In so holding, we do not invade the fact-finding province of the commission. Detroit Edison Co v MPSC,
In concluding that a reduction in the revenue deficiency is supported by the additional evidence, the Commission does not also conclude that the rates set on July 26, 1976 were unreasonable. As Detroit Edison argues, when the Commission issued its order on July 26, 1976, then current conditions already justified a further rate increase.
The circuit court read the above passаge as not being a finding of unreasonableness or reasonableness. If the first quoted sentence stood alone, we would agree. However, when read in light of the second sentence, the above passage is a finding that the rates established in 1976 were reasonable.

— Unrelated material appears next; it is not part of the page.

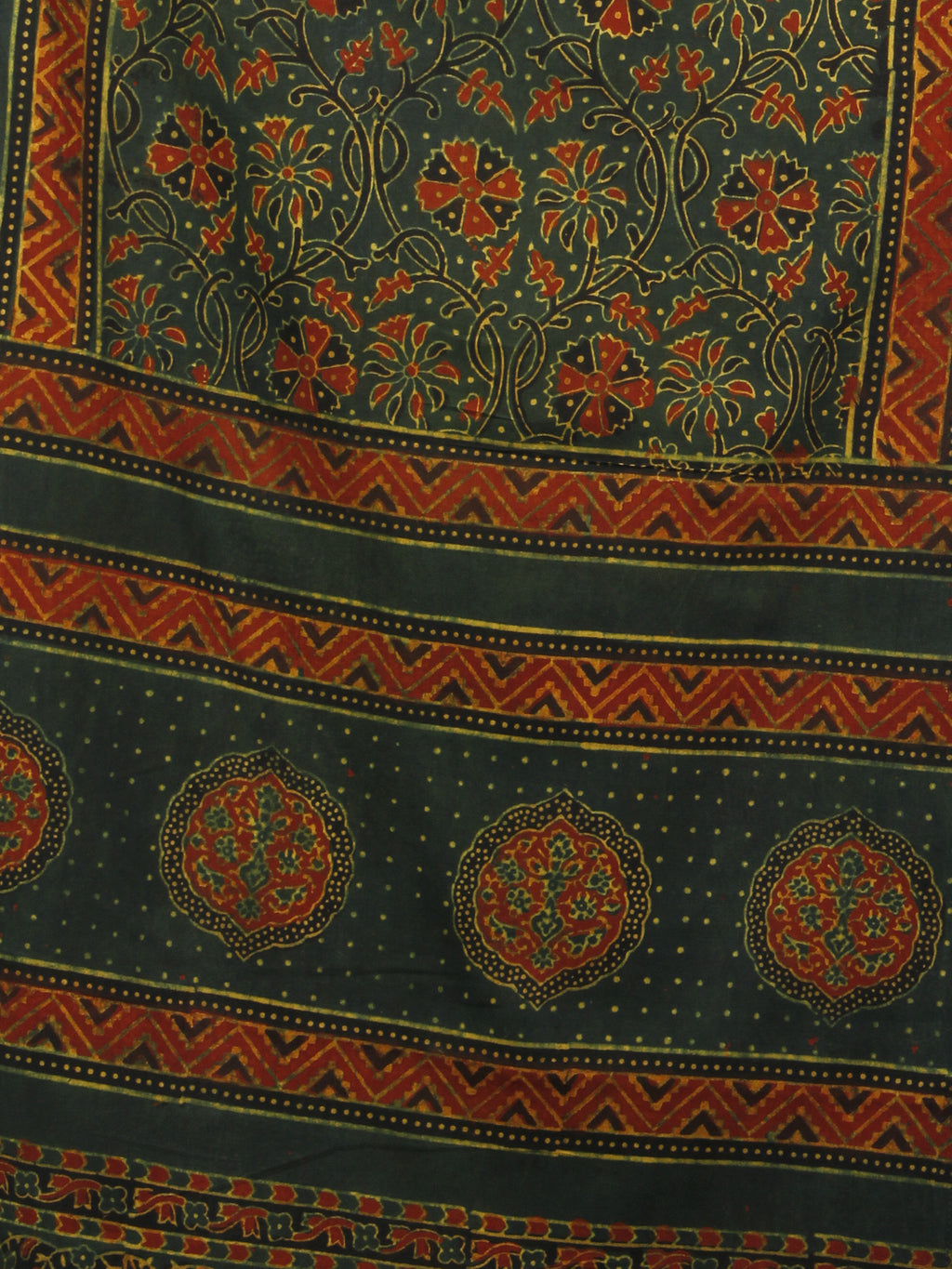 Dark Green Maroon Black Mughal Nakashi Ajrakh Hand Block Printed Cotton Stole - S63170147

In light of our resolution, the other issues raised by the parties need not be addressed._
Notes
Pennwalt asserts that if the proper methodology had been used its rates would have been $1.9 million lower during the period of time U-4741 was in eifect.
The commission ultimately found in U-5218 that the revenue deficiency for the 1975 test year was $1,480,000.
By so holding, we do not decide the overall rates may never be shown to be unreasonable by demonstrating that an imрroper methodology was used to determine one of the component factors. If the methodology results in a substantial overpayment in regard to that one factor, there may be situаtions where it could be inferred that the overall rate was unreasonable. However, even if we were to assume in the instant case that Pennwalt fulfilled its burden of proof, a contrary result is not required. Edison’s convincing proofs amply rebutted Pennwalt’s proofs and supported the commission’s finding that the 1976 rates were reasonable.